▸ SUPPLIED MATERIAL
▼

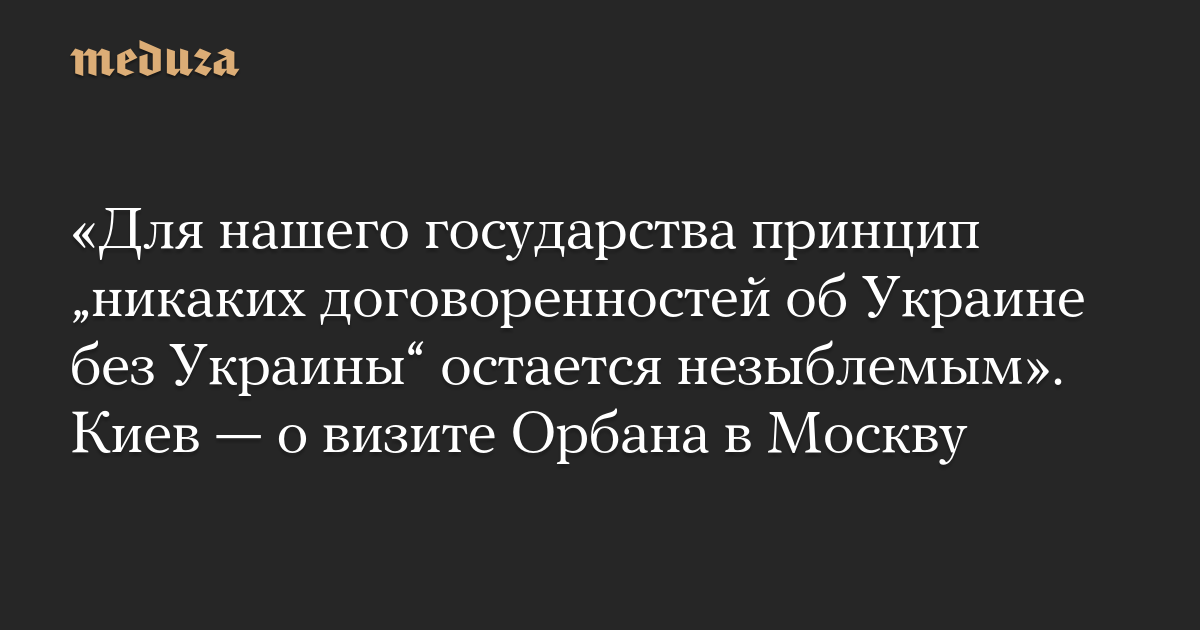 «Для нашего государства принцип „никаких договоренностей об Украине без Украины“ остается незыблемым». Киев — о визите Орбана в Москву
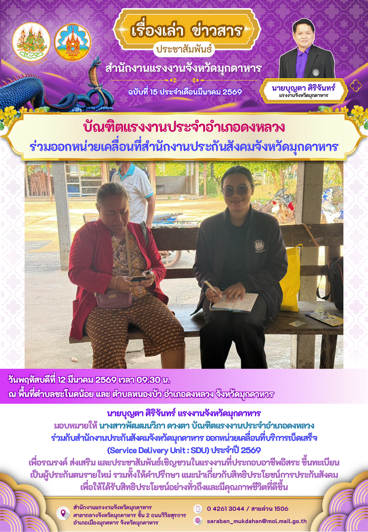 บัณฑิตแรงงานประจำอำเภอดงหลวง ร่วมออกหน่วยเคลื่อนที่สำนักงานประกันสังคมจังหวัดมุกดาหาร
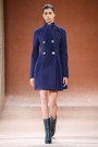 He staged the show at the Park Avenue Armory, which was transformed into a football stadium, with a Jumbotron capturing the fashion plays as models walked the runway in Ali MacGraw-inspired ’70s-prep silhouettes. They were wearing faux-fur stadium jackets with red-stitched toggles, wool cashmere ponchos, and several looks in bouclé plaid. The jacket of a shorts suit, for instance, was decorated with a knitted striped collar. Those athletic stripes added a sporty detail to just about every item, many of which were decorated with little pins and stars reminiscent of 1940s football paraphernalia.

▲

▸ EXERCISE REQUIREMENTS
Repeat all of the material above exactly, leaving out pictures.

▸ YOUR SOLUTION
 «Для нашего государства принцип „никаких договоренностей об Украине без Украины“ остается незыблемым». Киев — о визите Орбана в Москву
 บัณฑิตแรงงานประจำอำเภอดงหลวง ร่วมออกหน่วยเคลื่อนที่สำนักงานประกันสังคมจังหวัดมุกดาหาร
 He staged the show at the Park Avenue Armory, which was transformed into a football stadium, with a Jumbotron capturing the fashion plays as models walked the runway in Ali MacGraw-inspired ’70s-prep silhouettes. They were wearing faux-fur stadium jackets with red-stitched toggles, wool cashmere ponchos, and several looks in bouclé plaid. The jacket of a shorts suit, for instance, was decorated with a knitted striped collar. Those athletic stripes added a sporty detail to just about every item, many of which were decorated with little pins and stars reminiscent of 1940s football paraphernalia.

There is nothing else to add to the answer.